Oggi parliamo di acceleratori di particelle, vedendo cosa sono, come funzionano e come costruire un modellino di un sincrotrone funzionante, controllato con una scheda Arduino.

Per gli appassionati del DIY, piuttosto che andare alla ricerca di qualche nuovo progetto, alcune volte è più utile e divertente soffermarsi su un determinato fenomeno, scegliendo con cura un apposito sistema hardware che metta a disposizione gli strumenti dei quali si ha bisogno per sperimentare e comprendere tale fenomeno.

Sicuramente hai già sentito parlare di acceleratori di particelle e del loro utilizzo nel campo della ricerca, in quanto si tratta di un argomento non troppo recente. Probabilmente però non hai mai costruito un modellino di sincrotrone con Arduino.

Partiamo dal principio.

Acceleratori di particelle

In fisica gli acceleratori di particelle sono macchine il cui scopo è quello di produrre dei fasci di ioni o di particelle subatomiche cariche (tra le quali elettroni e protoni) e fatti collidere tra loro ad elevata energia cinetica.

I metodi per accelerare le particelle sono basati sull’uso congiunto di campi elettrici e magnetici.
I primi forniscono energia alle particelle cariche accelerandole, mentre i secondi servono eventualmente a curvarne la traiettoria sfruttando la forza di Lorenz.

I primi acceleratori sfruttavano campi elettrici statici in cui si acceleravano ioni tra differenze di potenziale al più di 10-20 MV.

Il Ciclotrone ed il Sincrotrone sono i due modelli principali.

Ciclotrone

Il 27 gennaio 1930 il fisico Ernest Orlando Lawrence inventò e brevettò quello che fu il primo degli acceleratori di particelle: il ciclotrone.
Tale invenzione gli fruttò il premio Nobel per la fisica nel 1939.

Lawrence portò gli Stati Uniti alla realizzazione della prima bomba atomica, ed il suo lavoro fu fondamentale per costruirla, assieme a Robert R. Wilson.

Ciclotrone classico

In breve, il Ciclotrone è un acceleratore circolare che sfrutta il fenomeno che una particella carica, in presenza di un campo magnetico, è soggetta alla forza di Lorentz e descrive una traiettoria circolare con una frequenza di rivoluzione che dipende solo dalla massa e dalla carica della particella stessa e dall’intensità del campo magnetico.

Immagine 2: Ciclotrone UNIVERSITÀ DEGLI STUDI DI PAVIA

Principio di funzionamento

Immagine 3: principio di funzionamento di un ciclotrone

Tra due cavità metalliche semicilindriche, chiamate D1 e D2, viene ripetutamente applicato una differenza di potenziale variabile (V = V0 senωt).

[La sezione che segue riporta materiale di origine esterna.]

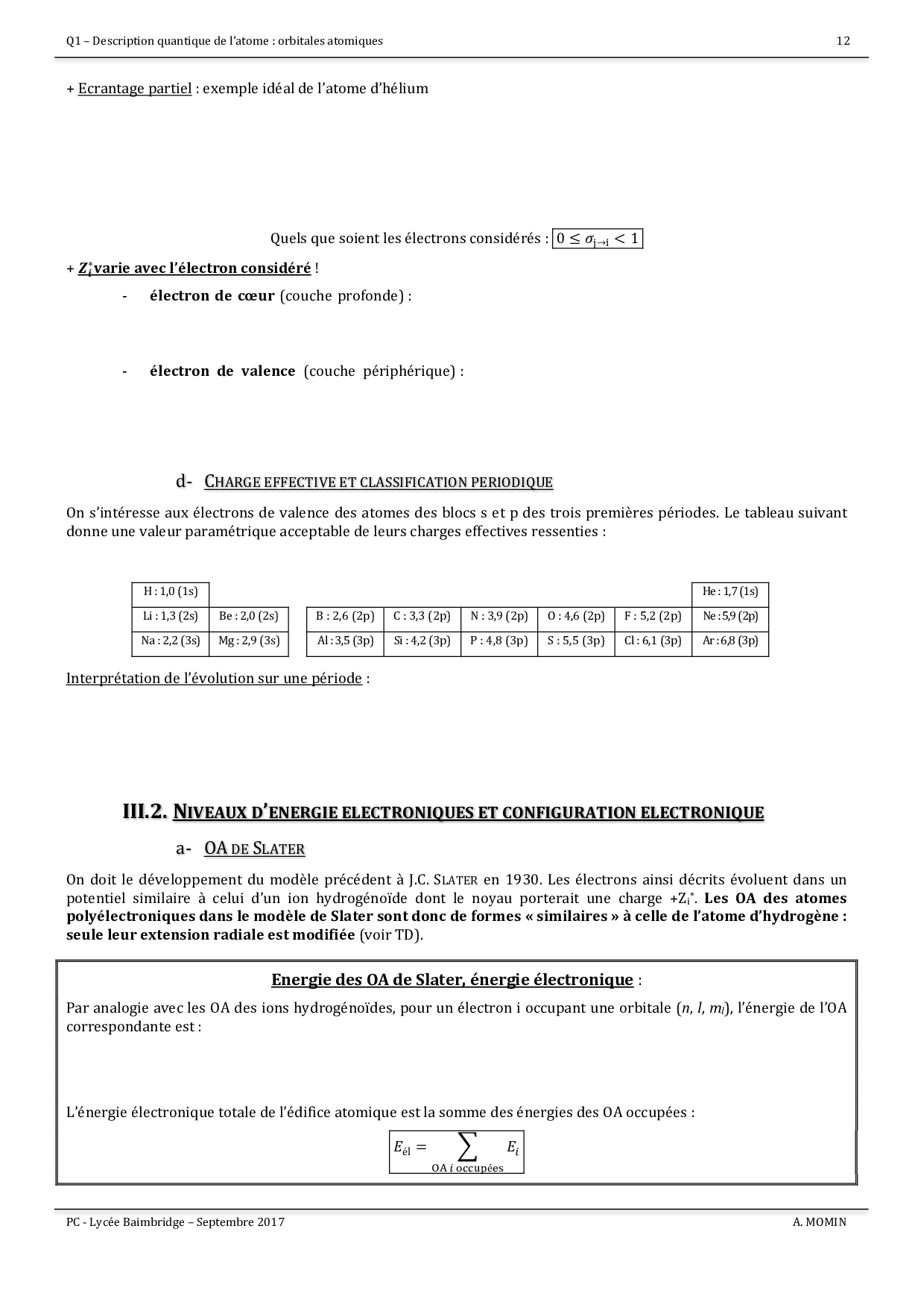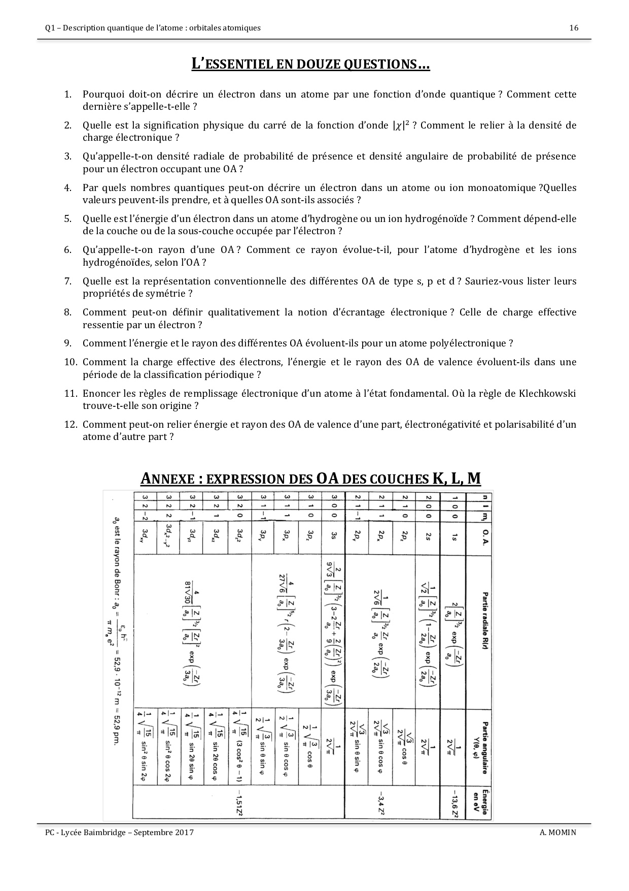 Description quantique de l'atome - orbitales atomiques : Cours

Tali cavità sono immerse in un campo magnetico B uniforme ed al centro del sistema viene iniettata una particella di massa m e carica q.

Applicando un’opportuna differenza di potenziale alternata ad alta frequenza tra le due cavità metalliche, la particella subisce un’accelerazione ogni qualvolta passa da un semi-cilindro ad un altro. 

Limitazioni

Il ciclotrone presenta alcuni limiti non indifferenti.

Nonostante i significativi miglioramenti apportati nel tempo, la struttura del dispositivo ne limita la convenienza economica per quanto riguarda l’utilizzo con potenze molto elevate (dimensionamento dei componenti).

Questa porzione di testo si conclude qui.